Dubautia latifolia
- Conservation status: Critically Endangered (IUCN 3.1)

Scientific classification
- Kingdom: Plantae
- Clade: Tracheophytes
- Clade: Angiosperms
- Clade: Eudicots
- Clade: Asterids
- Order: Asterales
- Family: Asteraceae
- Genus: Dubautia
- Species: D. latifolia
- Binomial name: Dubautia latifolia (A.Gray) D.D.Keck

= Dubautia latifolia =

- Genus: Dubautia
- Species: latifolia
- Authority: (A.Gray) D.D.Keck
- Conservation status: CR

Species of plant

Dubautia latifolia is a rare species of flowering plant in the family Asteraceae known by the common name koholapehu. It is endemic to Hawaii where it is known only from the west side of the island of Kauai. Like other Dubautia this plant is called na`ena`e.

==Distribution==
Dubautia latifolia, a member of the silversword alliance, grows in scattered locations in the moist and wet forests near Waimea Canyon on Kauai. The habitat receives up to 190 centimeters of precipitation annually. The forest is dominated by koa (Acacia koa), ohia (Metrosideros polymorpha) and uluhe (Dicranopteris linearis). It is found in the Kokee area of northwestern Kauai, which is found in Kokee State Park. It grows at elevations from 3200 to 3900 ft. It was first collected in 1840.

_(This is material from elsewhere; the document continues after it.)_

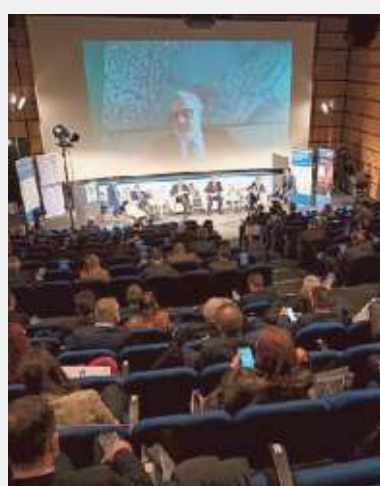
Il forum all'Acquario di Genova

IL FORUM DELLO SHIPPING DI SECOLO XIX E MEDI TELEGRAPH

There are no more than 200 individuals remaining. There are about 18 occurrences, but most of these are made up of only one or two plants.

==Description==
Dubautia latifolia is a liana which can exceed 8 m in length. It climbs trees, reaching several meters up into the canopy. Blooming occurs in September through November, when the plant produces panicles of yellow flowers. The fruit is a cypsela, but could be mistaken for an achene.

Dubautia latifolia can be distinguished from other species in its genus by its vine growing habits, and having different petioles and net-veins of the leaves.

==Conservation==
Dubautia latifolia was federally listed as an endangered species of the United States in 1992.

The very low seed count in wild plants shows that there might be a reproduction problem. Seedlings and young plants are not commonly seen. Banana poka (Passiflora tarminiana), an invasive vine, is one of the most dangerous species when it comes to Dubautia latifolia conservation. The vine kills D. latifolia trees by completely covering their canopies with heavy vines. It also faces threats from illegal marijuana cultivation, which not only destroys natural habitat, but also could further bring invasive species into the area.

Threats to this species and its habitat include feral pigs, feral goats, rats, and deer. Invasive plant species that threaten it include Santa Barbara daisy (Erigeron karvinskianus), kahili ginger (Hedychium spp.), lantana (Lantana camara), airplant (Kalanchoe pinnata) and firetree (Myrica faya). Conservation efforts include the collection of seeds and the planting of young plants in appropriate habitat.